Assignment:
Please reproduce the data exactly and omit the pictures.

Data excerpt:
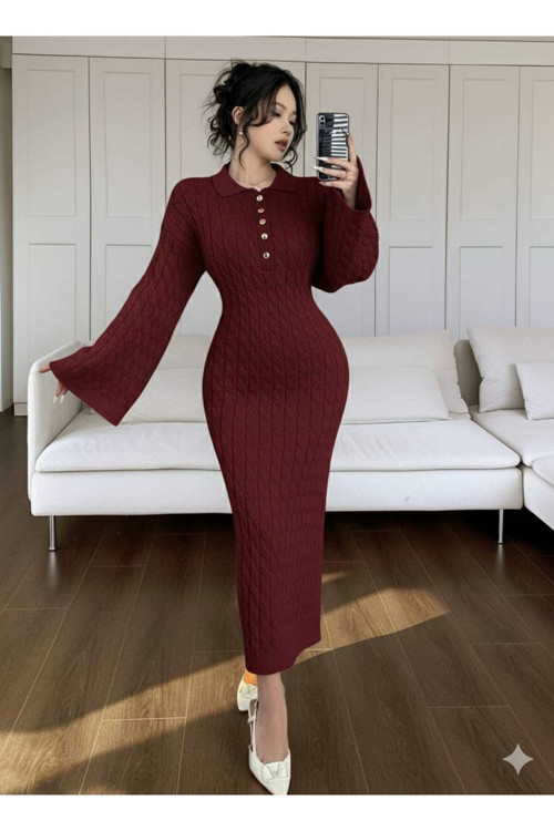 - Örgü dokuma tipi, elbiseye dokulu bir dokunuş katar.
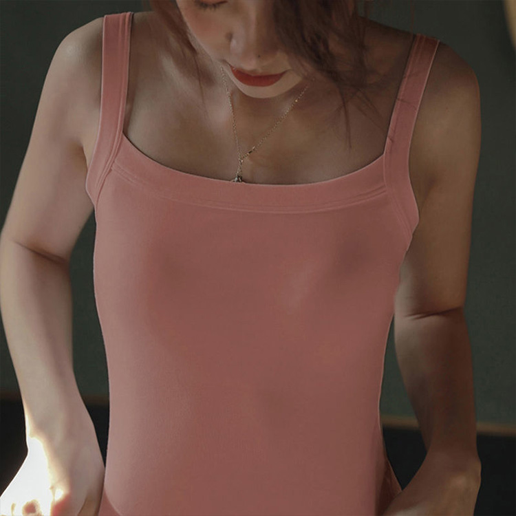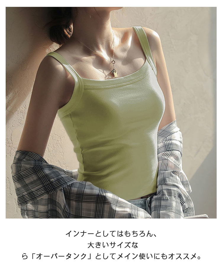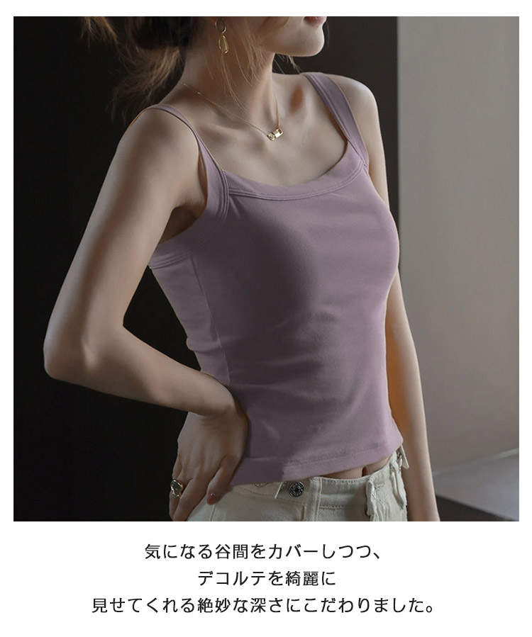 胸の谷間をカバー・チラ見せ防止のカップ付きキャミソール。綿混の優しい肌当たりで生地に透け感はありません。ワイヤーレスなのに、二重構造でバストをしっかり支える作りになっています。前後スクエアネックになっているので、バストだけでなく後ろ姿も美しく見せることができます。気になる谷間をカバーしつつ、デコルテを綺麗に見せてくれる絶妙な深さにこだわりました。スタイリッシュなデザインとフィット感はそのままに、より柔らかで軽い着け心地が特徴です。インナーとしてはもちろん、大きいサイズなら「オーバータンク」としてメイン使いにもオススメ。
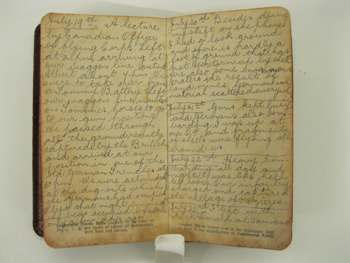 The two small diaries cover the period January 1916 to September 1917 and detail his journey from Australia to Egypt and active service on the front lines in France and Belgium. The entries in late July 1916 cover the Battle of Pozieres and are truly harrowing:
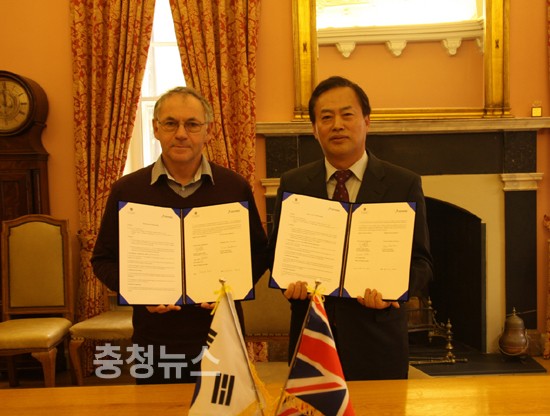 전찬환 충남교육감 권한대행(사진 왼쪽에서 다섯번째) 지난 30일 12시(현지시간)에 2013 세계 대학평가 17위 영국 에든버러대학를 방문해 영어수업전문가 양성을 위한 영어교사 수업실습 연수 MOU를 체결했다.

Answer to this problem:
 - Örgü dokuma tipi, elbiseye dokulu bir dokunuş katar.
 胸の谷間をカバー・チラ見せ防止のカップ付きキャミソール。綿混の優しい肌当たりで生地に透け感はありません。ワイヤーレスなのに、二重構造でバストをしっかり支える作りになっています。前後スクエアネックになっているので、バストだけでなく後ろ姿も美しく見せることができます。気になる谷間をカバーしつつ、デコルテを綺麗に見せてくれる絶妙な深さにこだわりました。スタイリッシュなデザインとフィット感はそのままに、より柔らかで軽い着け心地が特徴です。インナーとしてはもちろん、大きいサイズなら「オーバータンク」としてメイン使いにもオススメ。
 The two small diaries cover the period January 1916 to September 1917 and detail his journey from Australia to Egypt and active service on the front lines in France and Belgium. The entries in late July 1916 cover the Battle of Pozieres and are truly harrowing:
 전찬환 충남교육감 권한대행(사진 왼쪽에서 다섯번째) 지난 30일 12시(현지시간)에 2013 세계 대학평가 17위 영국 에든버러대학를 방문해 영어수업전문가 양성을 위한 영어교사 수업실습 연수 MOU를 체결했다.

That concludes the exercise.